The live session is divided into 11 videos, packed with information you need before applying for a home loan in Australia.

Video transcript below:

Part 7 of 11
Check your credit score and borrow more
Heidi Armstrong, Director of Operations, State Custodians
Every lender have their own serviceability calculator and this goes back to what I said before about NCCP, the National Consumer Credit Protection Act.  What that says is, we can’t do a loan for you if it’s not unsuitable, but it doesn’t dictate the terms on what is not unsuitable.  That it’s not restricted, it’s interpreted.  So every lender is trying to interpret the legislation and decide to what’s not unsuitable.  So different things go into the policies that underlie their serviceability calculations and this is just a look at one.  This is one we have used.
What are the policies that underlie a lender’s calculations to determine your borrowing power?
Different things, you can say you know people have said to me, “Heidi I can’t believe that if one lender I can borrow $60,000 more than what I was going to be approved for with another lender.’  And the reason is even though you think my situation is black and white.  This is how much I earn, this is my assets and liabilities, nothing changes when you go one lender or the other.  Let me tell you a whole of things change.  

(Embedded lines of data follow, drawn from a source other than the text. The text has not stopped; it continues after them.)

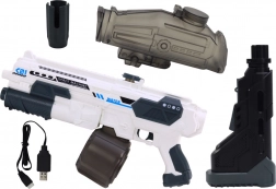 Díky dobíjecímu akumulátoru 7.4 V a přiložené nabíječce je provoz jednoduchý a ekonomický. Na rukojeti najdete praktický vypínač pro bezpečné ovládání. Moderní „space“ vzhled dodává hře futuristický náboj a podněcuje dětskou fantazii.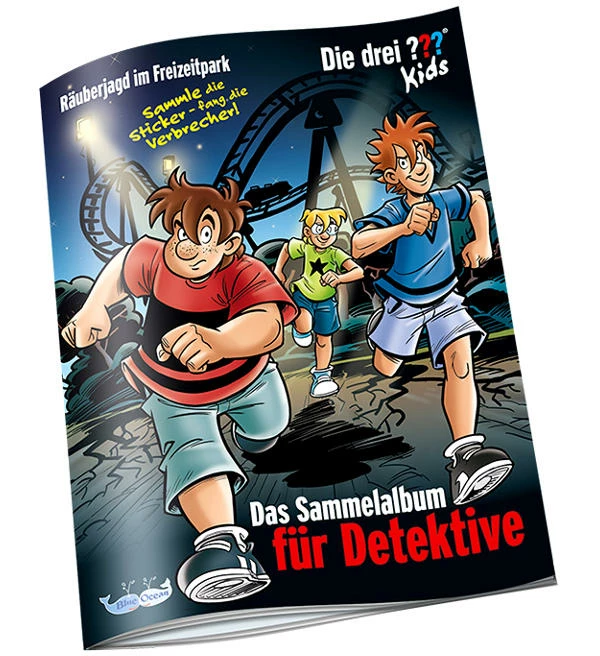 Das Stickeralbum zu “Die drei ??? Kids – Räuberjagd im Freizeitpark” ist nicht nur als Sammelheft für Detektive gedacht, sondern beinhaltet gleichzeitig viele in sich geschlossene Rätsel für Detektive, die am Ende bei der Lösung eines Gesamtfalls helfen. Daher steht die Kollektion auch unter dem Motto “Sammle die Sticker – fang die Verbrecher”.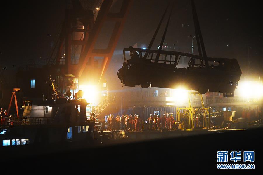 2018年10月31日消息,重慶。10月31日23時28分,重慶萬州長江二橋墜江公交車被打撈出水。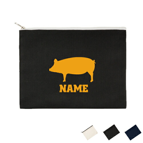 「ブタ」名入れフラットポーチLサイズ ポーチ マルチケース 小物入れ 収納 おもちゃバッグ クラッチバッグ 推し活 名入れ 名入れグッズ メンズ レディース オリジナル お揃い オーダーメイド部活 お名前 豚、Pig、豚肉、ポーク 習い事 サークル 文化部 ピクトグラム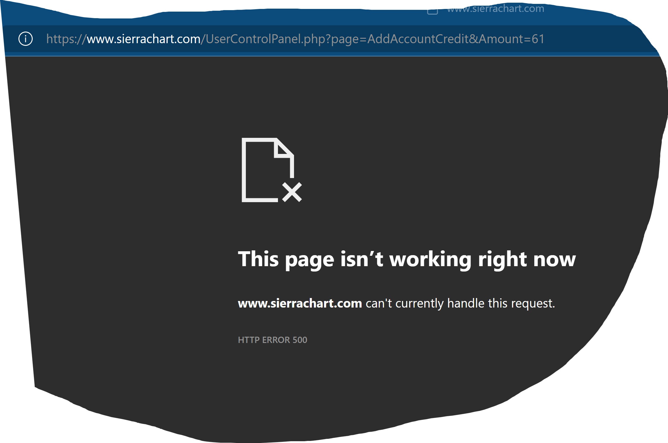 We will be looking into the problem today. Use Stripe if you can. We can give you temporary usage time extensions. Sierra Chart Support - Engineering Level Your definitive source for support. Other responses are from users. Try to keep your questions brief and to the point. Be aware of support policy: https://www.sierrachart.com/index.php?l=PostingInformation.php#GeneralInformation For the most reliable, advanced, and zero cost futures order routing, *change* to the Teton service: Sierra Chart Teton Futures Order Routing Date Time Of Last Edit: 2022-07-29 14:28:24

Base cost of living for each applicant or the dependents which index that they are going to use.  So every applicant that’s applied for the loan, we know you have got a base cost of living and we determine that on either property index or the Henderson index, just depends. Now already before we go any further, you know that there is going to be a difference between lenders.  

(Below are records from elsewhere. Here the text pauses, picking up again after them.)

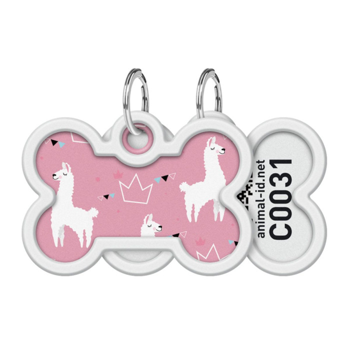 Адресник для собак та котів металевий WAUDOG Smart ID c QR паспортом, малюнок "Лами", кістка, Д 40 мм, 28 мм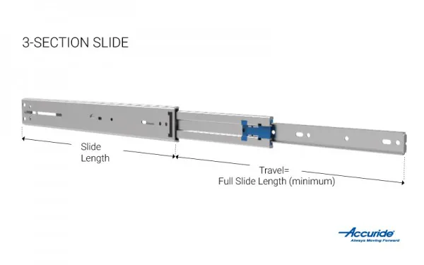 A chassis with a three-member slide extends 100% or more of the slide’s extended length. For example, A three-member slide at 20 in. long will extend 20 in.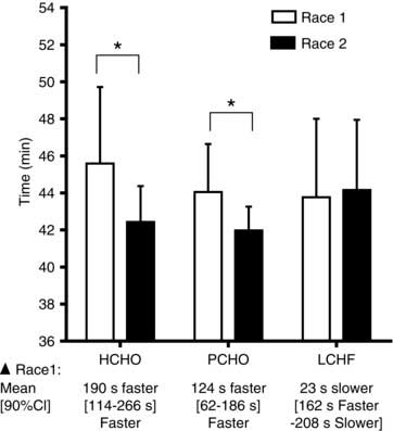 Los tiempos de carrera para marcha de 10 km realizados por la IAAF en atletas de élite realizados antes (Carrera 1) y posteriores (Carrera 2) del experimento; alta disponibilidad de carbohidratos (HCHO), disponibilidad periodificada de carbohidratos (PCHO), o dietas cetogénicas bajas en carbohidratos y altas en grasas (LCHF)

The bench mark interest rate, now State Custodians we are here offering, we are offering 5.77% interest rate for people today on our mortgage of the year loan and that has a 5.99% comparison rate.  But we, even though we are offering you a fantastic rate, we are going to load that rate when it comes time for you to apply for the loan and that’s because we know interest rates up as well as down and we need to protect you to ensure that the loan is not unsuitable because if you get into difficulties making repayments in about 3 months time because then interest rates rise, we haven’t done our job.  Now different lenders use different bench mark rates.  Some will load it by 1 ½ %, some by 2%.  So again there is a difference between lenders.
Treatment of income.  You know if you have a low base salary, but you get regular commissions, you want a lender that’s going to factor in those commissions.  But you are going to have to show evidence that it is historically that you have received it consistently and over a fairly lengthy period of time.